The Rawlinses found out and sued Ellis and Coastal in Chatham County Superior Court.  The case was transferred to the county’s probate court, and Ellis “evened up” the distribution by giving the Rawlinses $40,000 to the estate, and the “executor determined that any damages to the estate had been corrected.”  Coastal moved for summary judgment, arguing the Rawlinses lacked standing to assert any claims against it and had suffered no damages. The probate court denied the motion.

Coastal then sent the Rawlinses an offer to settle the case for $3,000 under Georgia’s offer of settlement statute.  That provision states that a plaintiff who declines an offer to settle a claim and then is awarded no more than 75 percent of that offer may be held liable for the opposing party’s attorney fees and expenses dating from the date of the rejected offer.  But the law also allows a judge to deny a fee award, if the offer “was not made in good faith.”

The Rawlinses declined Coastal’s offer and later settled with Ellis for 2 acres of property worth about $40,000 or $50,000.  They dismissed their claims against Ellis with prejudice and against Coastal without prejudice.  The Rawlinses subsequently sued Coastal again in Chatham County State Court, and the bank again moved for summary judgment, arguing that the plaintiffs did not have standing “either in their individual capacities or on behalf of W.R.’s estate to maintain an action against Coastal for mishandling W.R.’s checking account and that they had no damages because Ellis had evened up the estate distribution,” the opinion said.

State Court Chief Judge H. Gregory Fowler denied the motion, but the Court of Appeals reversed him in 2016.  Fowler entered a final judgment in favor of Coastal on remand.  Coastal then moved for attorney fees and expenses under the offer of settlement statute.  The Rawlinses’ argued that the motion should be denied because, among other things, it “had not been made in good faith because the $3,000 offer to settle all claims was low compared to the alleged damages.”
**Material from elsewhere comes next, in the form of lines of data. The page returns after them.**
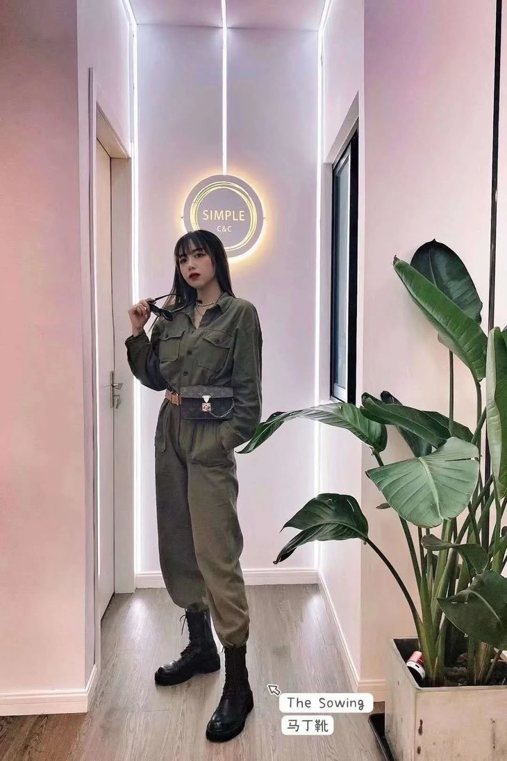 害怕老寒腿或者对自己腿部条件不是很自信的美女们,就完全可以选择马丁靴+连体裤的这种搭配,提高腰身同样拥有超模大长腿。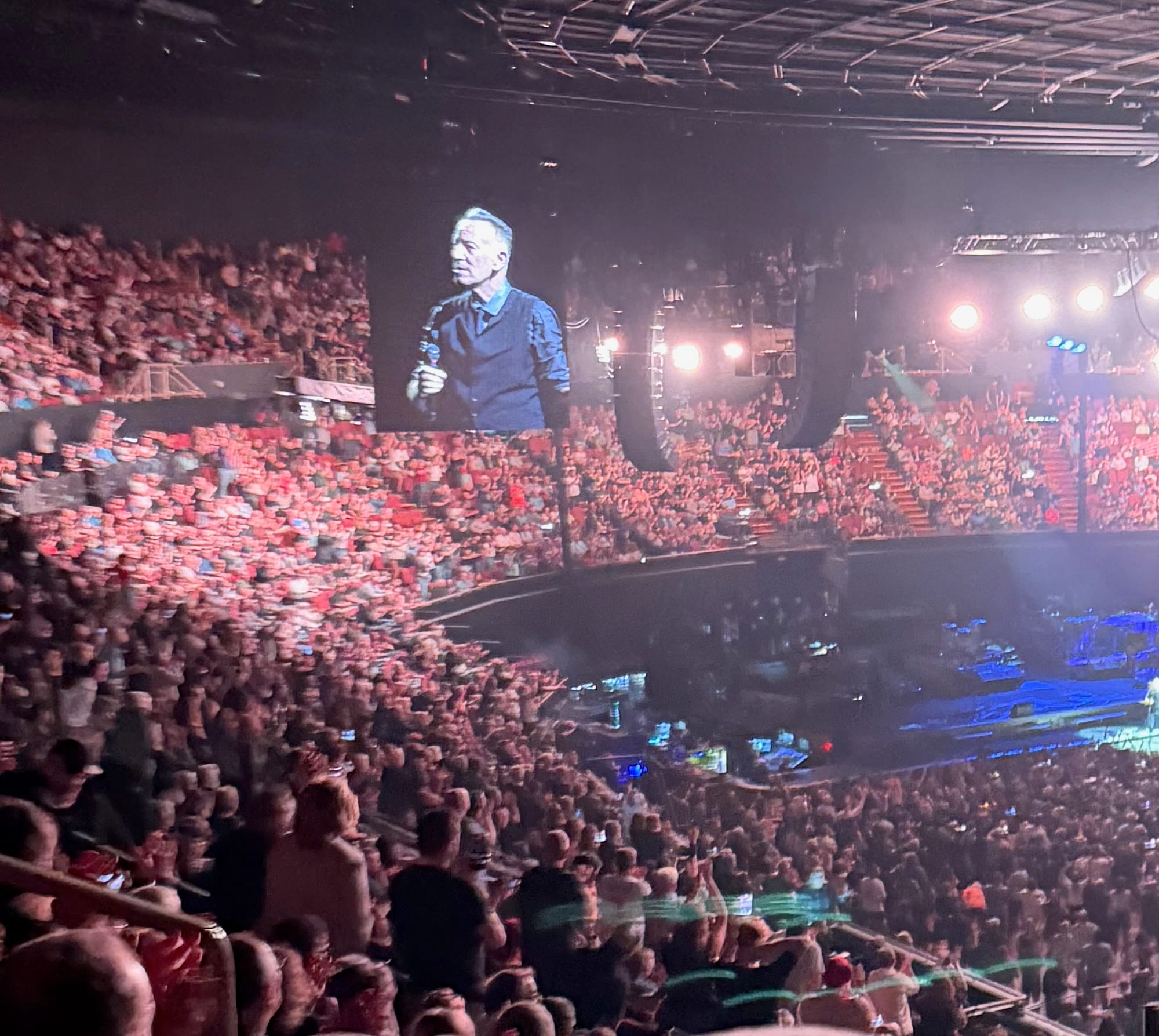 As I was dog-trotting my way alongside the shadowy aisles of Kia Forum as the house lights dimmed, a sole spotlight fixed Bruce at stage front. Before any music, before a glimpse of the band, came his deeply felt incantation of sorts: :“I want to begin the night with a prayer for our men and women in service overseas — we pray for their safe return. The mighty E Street Band is here tonight to call upon the righteous power of art, of music, of rock ‘n’ roll in dangerous times. We are here in celebration and defense of our American ideals, democracy, our Constitution, and our sacred American promise. The America I love, the America that I’ve written about for 50 years that’s been a beacon of hope and liberty around the world, is currently in the hands of a corrupt, incompetent, racist, reckless and treasonous administration. Tonight, we ask all of you to join with us in choosing hope over fear, democracy over authoritarianism, the rule of law over lawlessness, ethics over unbridled corruption, resistance over complacency, unity over division, and peace over…”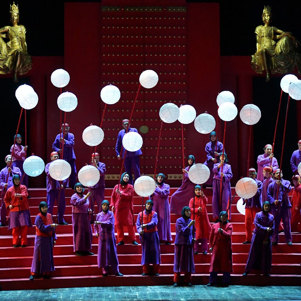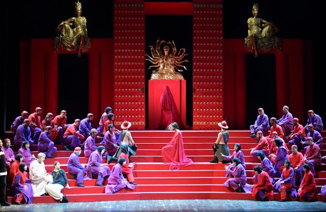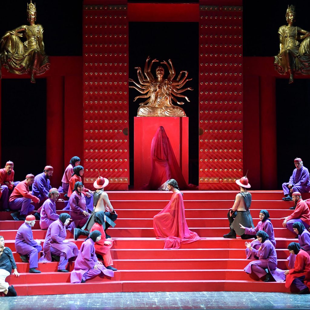 L’esecuzione del Teatro Pergolesi di Jesi, terminando invece dove era arrivato Puccini, rappresenta un’operazione fuori dal coro. E, soprattutto, coraggiosa per un teatro di provincia. Per renderla più plausibile sono stati così aboliti i due intervalli in modo da avere un unico arco esecutivo, di durata complessiva inferiore alle due ore. L’eventuale delusione per la mancanza di epilogo in questa fiaba noir di Carlo Gozzi (trasformata per Puccini in libretto da Giuseppe Adami e Renato Simoni) è stata compensata dal riuscito allestimento di Pier Luigi Pizzi, che punta soprattutto sulla bellezza degli accostamenti cromatici per creare una elegante Cina mentale come, del resto, si addice a una vicenda fondata su profonde implicazioni psicanalitiche.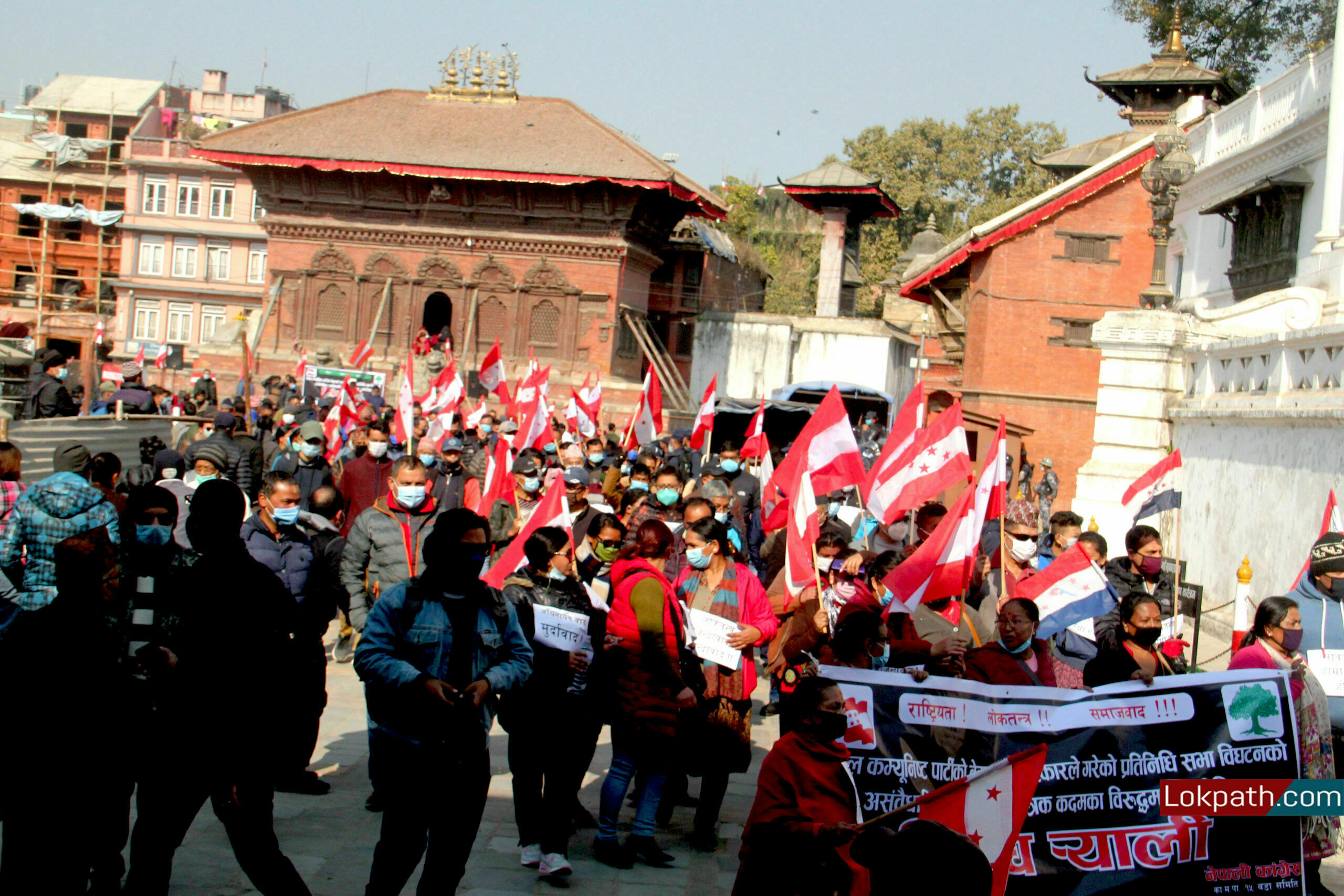देशभर प्रदर्शन गर्न लागे पनि कांग्रेस अझै संसद् पुन: स्थापना या चुनाव भन्नेबारे दोधारमा छ। पार्टी सभापति शेरबहादुर देउवा चुनावमा जान इच्छुक देखिएका छन् भने वरिष्ठ नेता रामचन्द्र पौडेलले संसद् पुन: स्थापनामा लाग्नुपर्ने अडान राखिरहेका छन्।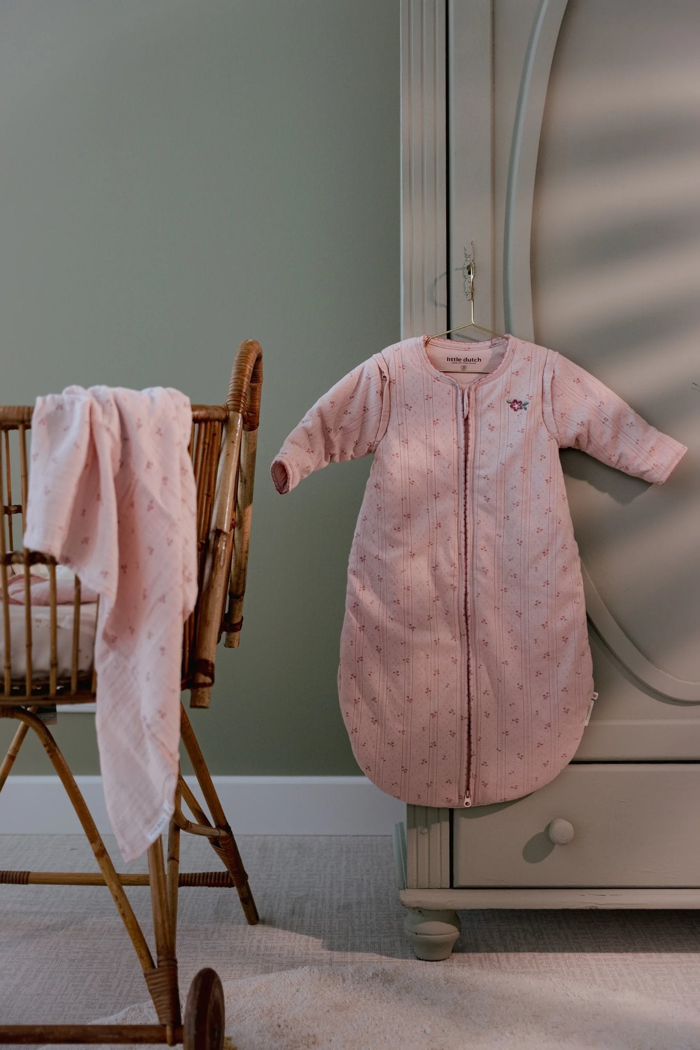 Нежната розе нијанса внесува природна хармонија, а малото везено цвеќенце додава слатка декоративна нота. Патентот се затвора надолу и е покриен и од внатрешната и од надворешната страна за дополнителна безбедност и заштита. Вреќата е Oeko-Tex сертифицирана и достапна во должини од 70 cm и 90 cm.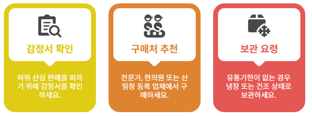 => 산림청 등록 판매처, 한의원, 감정 가능한 전문 기관에서만 구매하시길 권장합니다.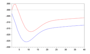 Llama la atención el resultado de un impulso en el gasto público o en la recaudación impositiva sobre el producto real, ambos impulsos le afectan negativamente. Para una mejor visualización se aporta el Gráfico IV donde aparece la respuesta del producto real ante ambos impulsos.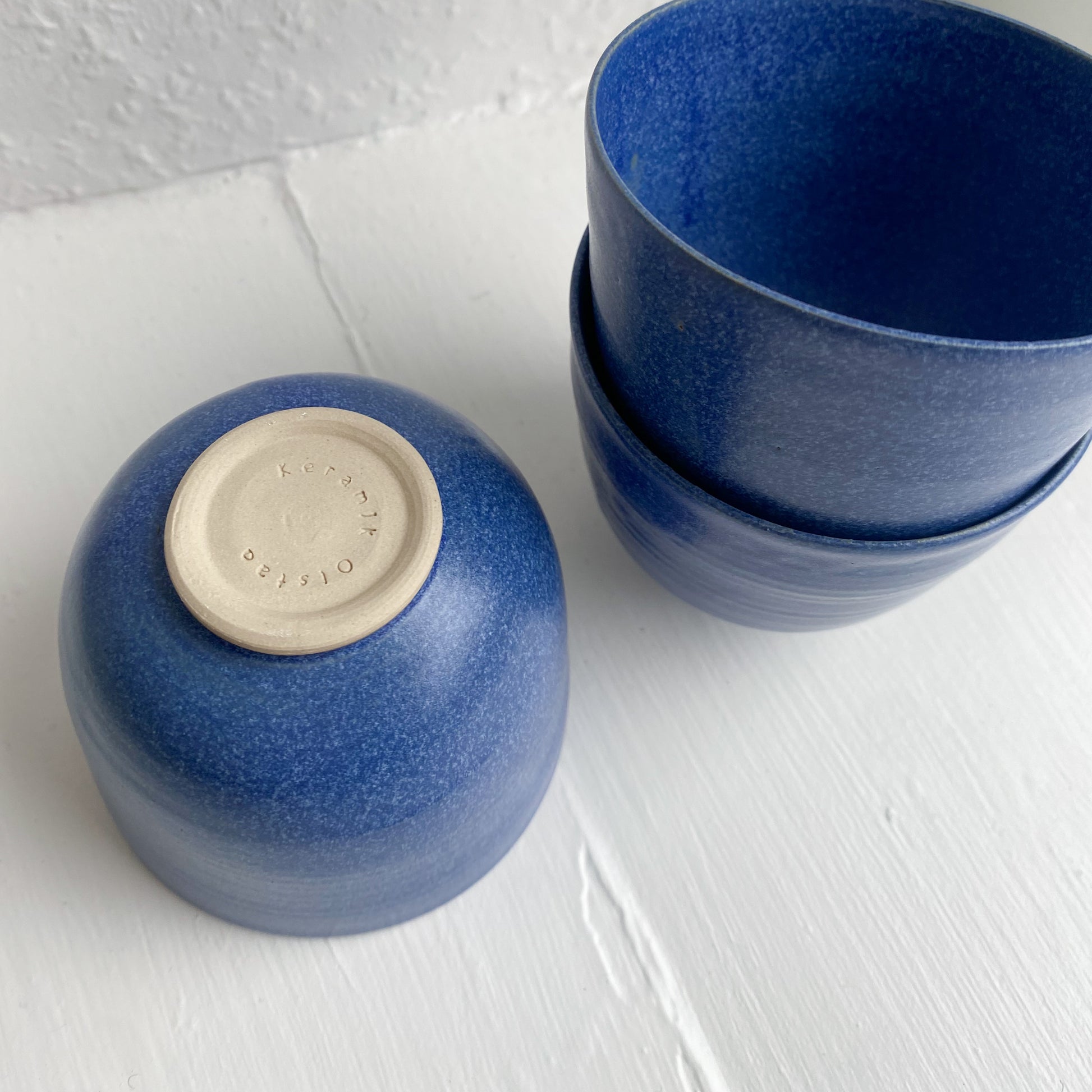 Den blå glasur minder om forårets smukke blomster og fremstår mat og jævn med små effekter i glasuren. Koppen har en behagelig form, der ligger godt i hånden. Koppen indbyder til kaffe eller morgenjuice.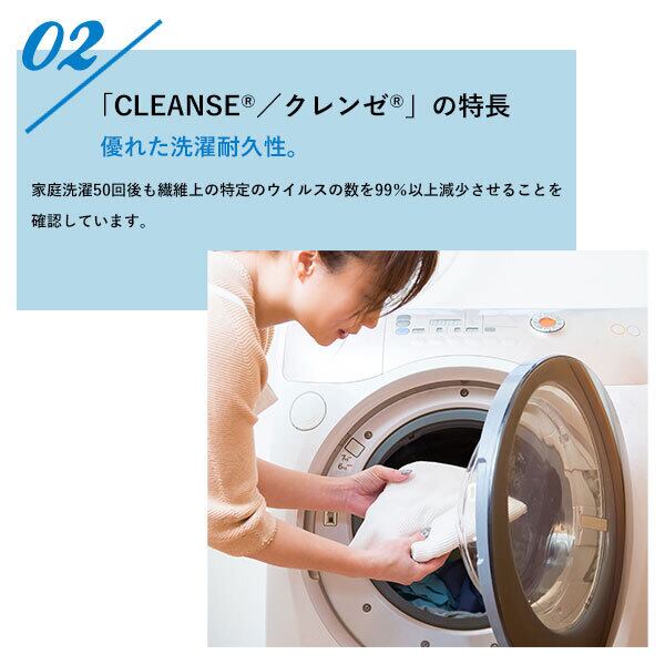 ご家庭で50回洗濯しても、繊維上の特定のウイルスの数を99%以上減少させます。

Coastal countered that the offer was reasonable, “because it believed that its arguments of no standing and no damages were strong, a belief borne out by Coastal’s success on appeal.”  Fowler denied Coastal’s fee request after finding the offer was not made in good faith.

Citing prior court precedent, McMillian wrote that the issue of good faith rests on whether it was based on a “reasonable foundation,” a decision governed “solely on the offerer’s own subjective motivations and beliefs.”  In considering a “nominal offer,” McMillian wrote, a trial judge can can weigh objective factors, including whether it “bore no relationship to the amount of damages,” whether it reflects a “realistic assessment of liability” and if the offerer “lacked intent to settle the claim.”

But, the opinion said, a trial judge’s ruling cannot be based “exclusively on the objective factors” and must include consideration of the offerer’s “subjectively reasonable belief” of its merits.  Although Fowler’s order “contains a passing reference to Coastal’s lack-of-standing argument,” the opinion said, it failed to weigh whether Coastal’s offer was reasonable when it was made.